START Supplied data

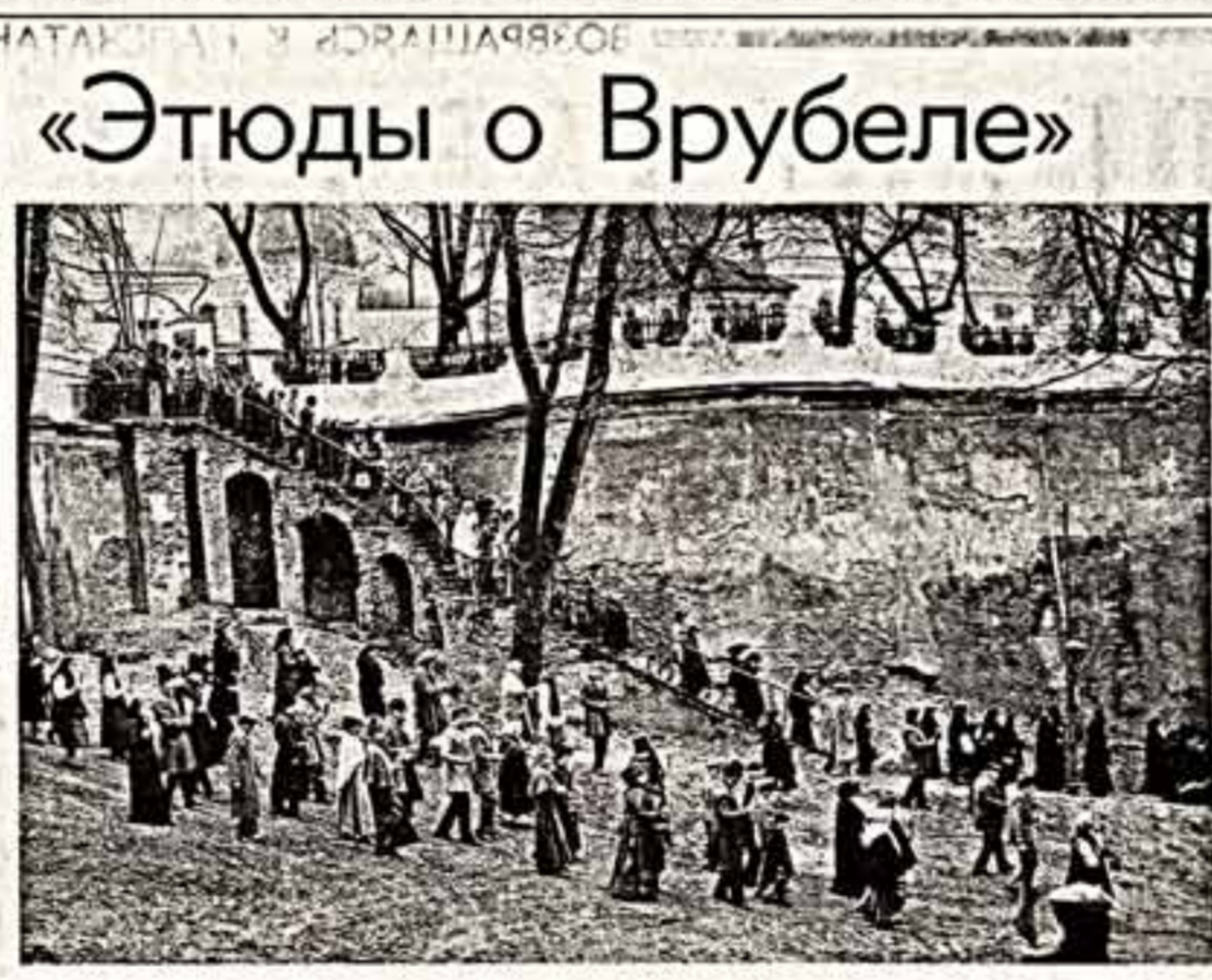
Первые съемки в Киевско-Перечском заповеднике. Режиссер-постановщик Леонид Осипа.
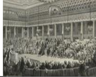
تأسيس الجمعية التأسيسية

السؤال الأول : رتب الأحداث التالية على الخط الزمني معتمدا تواريخ دقيقة (3 نقاط)
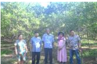
Gambar 1. Kegiatan analisa lokasi kebun jeruk yang akan dijadikan demplot, dan prakiraan kebutuhan alat/bahan
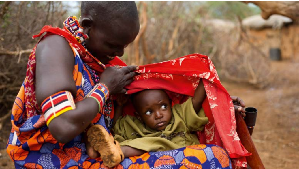
Masaimoeder en kind, Selenkay Conservancy.

De Masai zijn een van de bekendste Oost-Afrikaanse volken. Net als bij de Kalenjin waren de voorouders van dit trotse herdersvolk afkomstig uit de Nilotische taalgroep. Ze trokken tussen de 16e en 18e eeuw vanuit het Nijldal zuidwaarts en
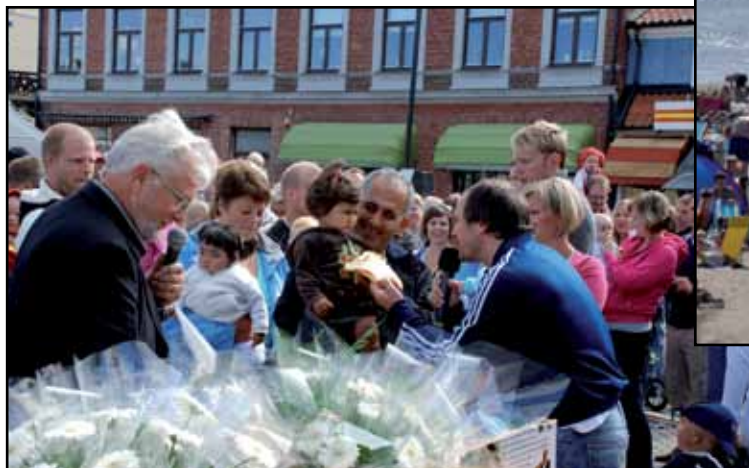
День города в Лахольме
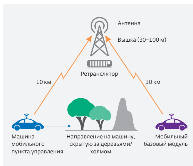
Рис.2. Принцип взаимодействия элементов в составе комплекса UGV

Сегодня для решения этой проблемы широко применяют сигналы COFDM. Идея использования COFDM в каналах связи UGV не нова. Она рассматривалась, например, в патентах США на изобретение, заявленных в 2006–2007 годах. Так, в патенте США №7633852 [16] указано, что применение COFDM для связи с UGV с полосой канала 2,5 МГц и 400 информационными поднесущими позволяет получить ту же пропускную способность, какую обеспечивает
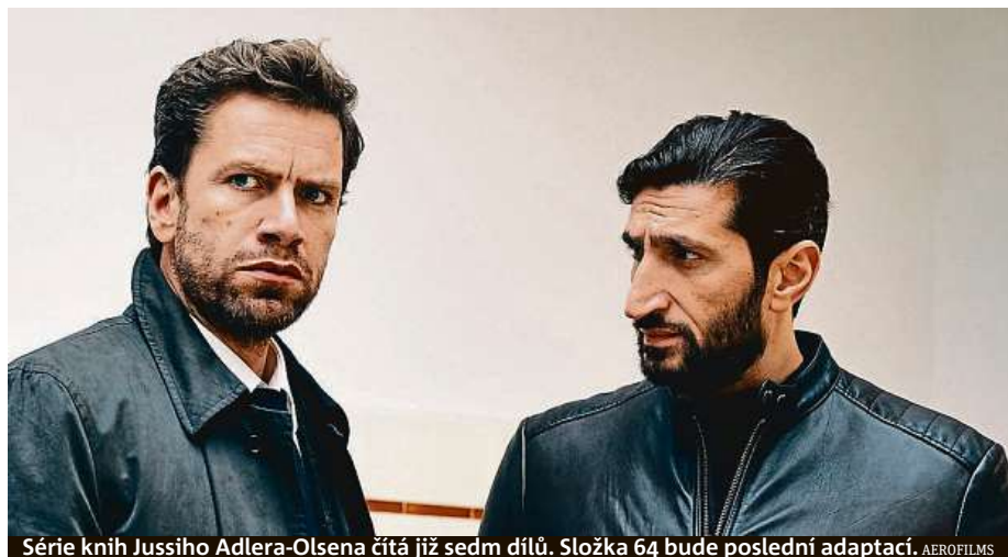
Série knih Jussiho Adlera-Olsena čítá již sedm dílů. Složka 64 bude poslední adaptací.

Diváky, kteří si rádi vychutnají dobrou severskou detektivku, ale dosud nezhledli žádný z předchozích snímků s Carlem a Assadem, musím uklidnit. Pokud jste neviděli Ženu v kleci, Zabijáky ani Vztek v lahvi, nemusíte je před návštěvou kina narychlo doplňovat. Jasně, na začátku se pochopitelně řeší, že spolu hlavní hrdinové mají leccos, ale není těžké se ve vztazích zorientovat. Máme tu pesimistického Carla (Nikolaj Lie Kaas), který se na plátně usmívá jen tehdy, když je pod vlivem drog, a milého sympatáka s muslimskými ko-

END Supplied data

*Aim of the exercise*.
With all pictures removed, reproduce the lines from the top of the entries above through the line containing "Série knih Jussiho", exactly as written.

*Result of this exercise*.
Первые съемки в Киевско-Перечском заповеднике. Режиссер-постановщик Леонид Осипа.
تأسيس الجمعية التأسيسية

السؤال الأول : رتب الأحداث التالية على الخط الزمني معتمدا تواريخ دقيقة (3 نقاط)
Gambar 1. Kegiatan analisa lokasi kebun jeruk yang akan dijadikan demplot, dan prakiraan kebutuhan alat/bahan
Masaimoeder en kind, Selenkay Conservancy.

De Masai zijn een van de bekendste Oost-Afrikaanse volken. Net als bij de Kalenjin waren de voorouders van dit trotse herdersvolk afkomstig uit de Nilotische taalgroep. Ze trokken tussen de 16e en 18e eeuw vanuit het Nijldal zuidwaarts en
День города в Лахольме
Рис.2. Принцип взаимодействия элементов в составе комплекса UGV

Сегодня для решения этой проблемы широко применяют сигналы COFDM. Идея использования COFDM в каналах связи UGV не нова. Она рассматривалась, например, в патентах США на изобретение, заявленных в 2006–2007 годах. Так, в патенте США №7633852 [16] указано, что применение COFDM для связи с UGV с полосой канала 2,5 МГц и 400 информационными поднесущими позволяет получить ту же пропускную способность, какую обеспечивает
Série knih Jussiho Adlera-Olsena čítá již sedm dílů. Složka 64 bude poslední adaptací.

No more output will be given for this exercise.